# Exercise prompt:
Below are records; extract exactly the lines from the one with "T-shirt graphique avec" through the final line, including both, but drop the pictures.
★ ★ ★
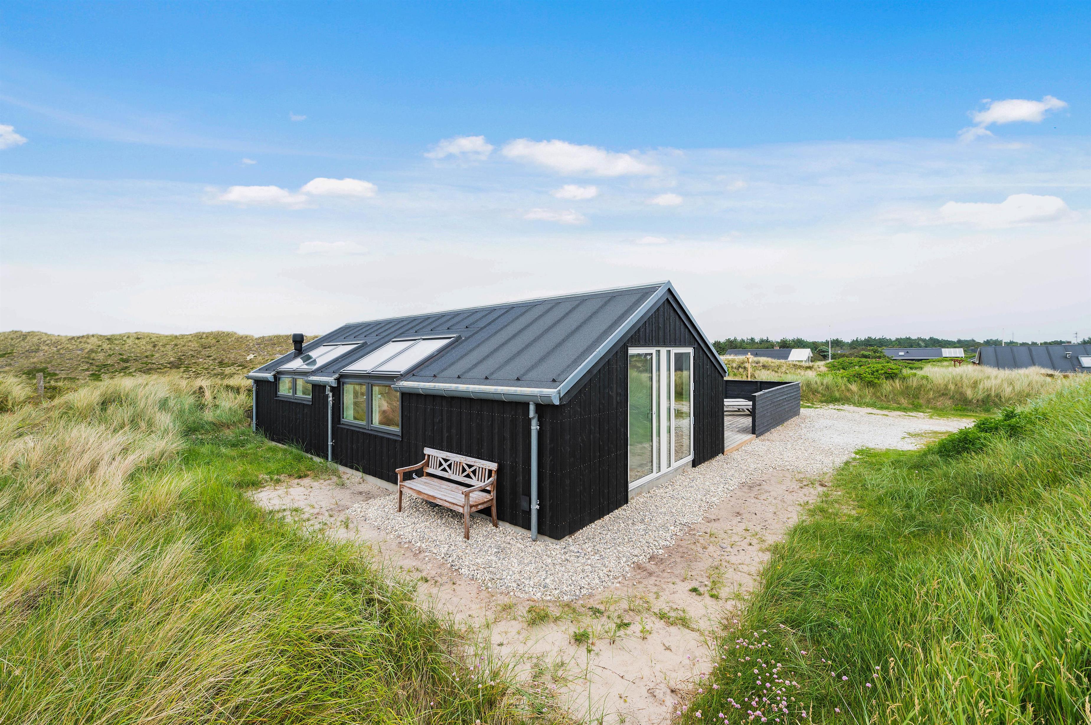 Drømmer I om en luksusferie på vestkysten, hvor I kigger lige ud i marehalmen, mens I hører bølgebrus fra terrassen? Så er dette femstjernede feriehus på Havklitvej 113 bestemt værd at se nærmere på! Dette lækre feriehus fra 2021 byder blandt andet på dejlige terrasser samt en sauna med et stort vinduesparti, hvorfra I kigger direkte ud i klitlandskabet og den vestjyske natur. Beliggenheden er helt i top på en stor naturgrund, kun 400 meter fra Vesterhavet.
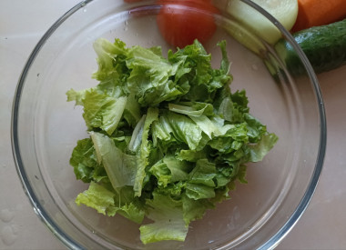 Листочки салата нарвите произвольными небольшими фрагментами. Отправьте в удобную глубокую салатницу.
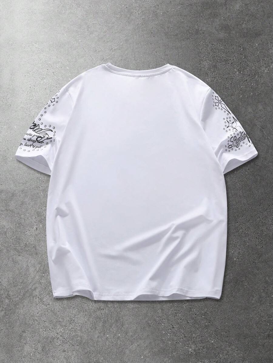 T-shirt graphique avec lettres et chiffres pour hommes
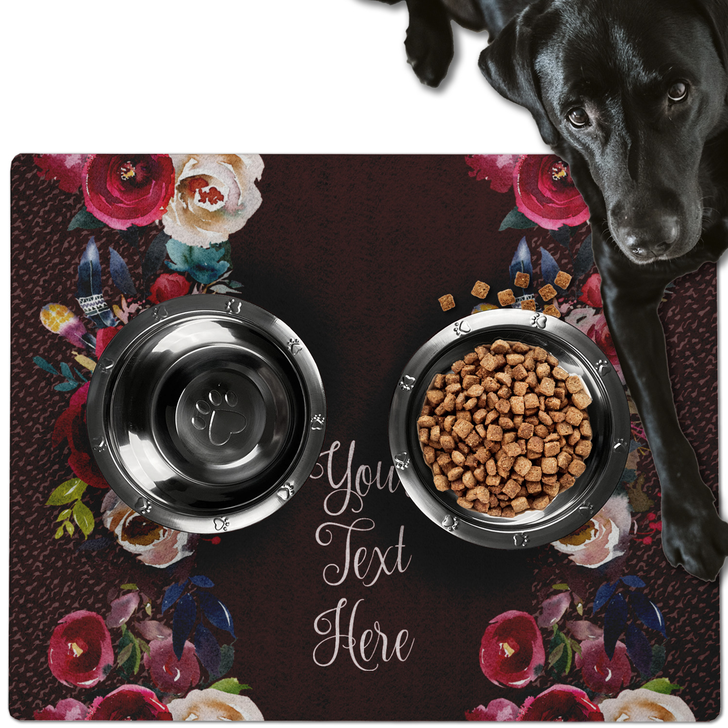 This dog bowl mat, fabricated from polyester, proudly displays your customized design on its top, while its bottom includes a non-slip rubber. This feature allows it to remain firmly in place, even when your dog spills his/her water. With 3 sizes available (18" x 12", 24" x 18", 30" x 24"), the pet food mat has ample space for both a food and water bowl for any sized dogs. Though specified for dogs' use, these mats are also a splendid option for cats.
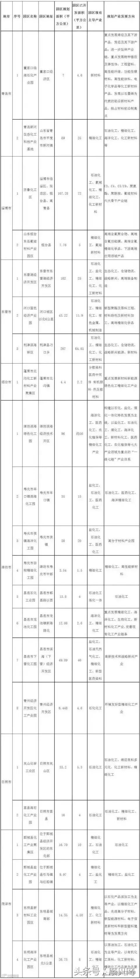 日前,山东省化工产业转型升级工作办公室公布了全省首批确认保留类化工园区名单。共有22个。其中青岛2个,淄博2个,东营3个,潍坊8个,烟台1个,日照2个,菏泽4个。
★ ★ ★
# Task response:
 T-shirt graphique avec lettres et chiffres pour hommes
 This dog bowl mat, fabricated from polyester, proudly displays your customized design on its top, while its bottom includes a non-slip rubber. This feature allows it to remain firmly in place, even when your dog spills his/her water. With 3 sizes available (18" x 12", 24" x 18", 30" x 24"), the pet food mat has ample space for both a food and water bowl for any sized dogs. Though specified for dogs' use, these mats are also a splendid option for cats.
 日前,山东省化工产业转型升级工作办公室公布了全省首批确认保留类化工园区名单。共有22个。其中青岛2个,淄博2个,东营3个,潍坊8个,烟台1个,日照2个,菏泽4个。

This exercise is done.